Problem Solving Software
Problem solving software is used to teach problem solving skills. There are two main approaches used in problem solving software. They are content-area problem solving skills and content-free problem solving skills. Content- area problem solving software focuses on teaching skills mainly in math and science. Content-free problem solving software focuses on teaching general problem-solving abilities. Effective problem solving software must be clearly linked to cultivating a specific problem solving ability in students. Problem solving software can be interesting and motivating for students; however, it is important to test the software for its effectiveness in teaching problem solving skills before adopting it with the students. There is also concern that students will not be able to transfer knowledge they learned using the software to other areas (Roblyer, 2016, p. 97-100). One example of problem solving software to use in my fourth grade library class would be Kidspiration. The students at this age are still very new to looking up information, synthesizing and outlining the essential information they need, and using that information to write a well constructed report. Inspiration provides the logical steps a student would take to perform these functions at their level. Students can begin with a graphic organizer, then create an outline from the graphic organizer, and finally use the outline to create their report.. Students could work individually or with others. Using this software might be more time consuming with the students, but the information created might be more coherent for the students to read rather than using paper and pencil.

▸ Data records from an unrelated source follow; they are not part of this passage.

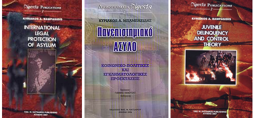 Ο Κυριάκος Μπαμπασίδης έχει συγγράψει τα ακόλουθα βιβλία: Πανεπιστημιακό Άσυλο. Πληροφορίες εδώ >> Juvenile Delinquency and Control Theory. Πληροφορίες εδώ >> International Legal Protection of Asylum. Πληροφορίες εδώ >>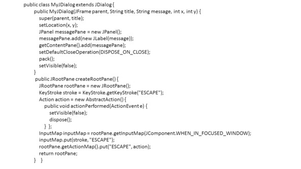 В этом методе используется метод getKeyStroke класса KeyStroke для установки нажатия клавиши ESCAPE.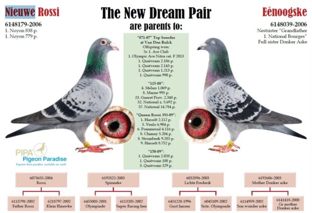 O DREAMPAIR de Leo Heremans, ou NEW DREAM PAIR. Os pombos mais rápidos para velocidade e meio-fundo da atualidade. O melhor, entre o melhor, dos pombos Heremans. Existem muito poucos pombos desta linha em Portugal. Temos o previlégio de ter alguns na nossa reprodução. São inúmeros os campeões descendentes deste casal...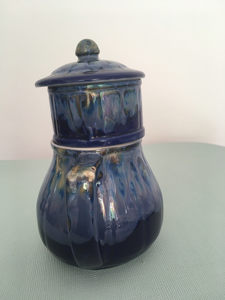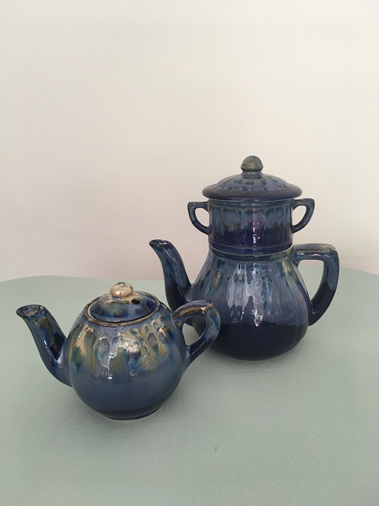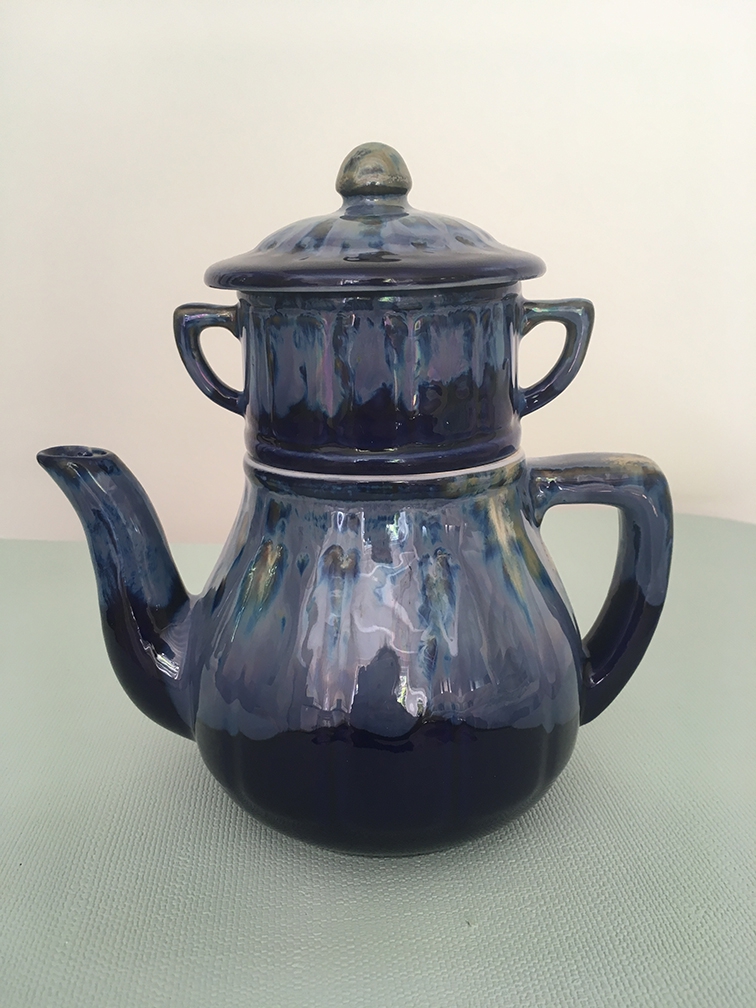 Théière vintage trois pièces en céramique, peut aussi être utilisée comme une théière normale (le compartiment entre le couvercle et le pot sert à mettre le thé).

There are numerous amounts of instructional software available to deliver instruction in a variety of ways. It is important that educators are careful in selecting these programs to ensure that they provide the best possible educational experience for their students. All programs have their benefits and limitations, yet can be integrated in a meaningful way.
Roblyer, M. D. (2016). Integrating educational technology into teaching (7th ed., pp. 81-100). Upper Saddle River, NJ: Pearson.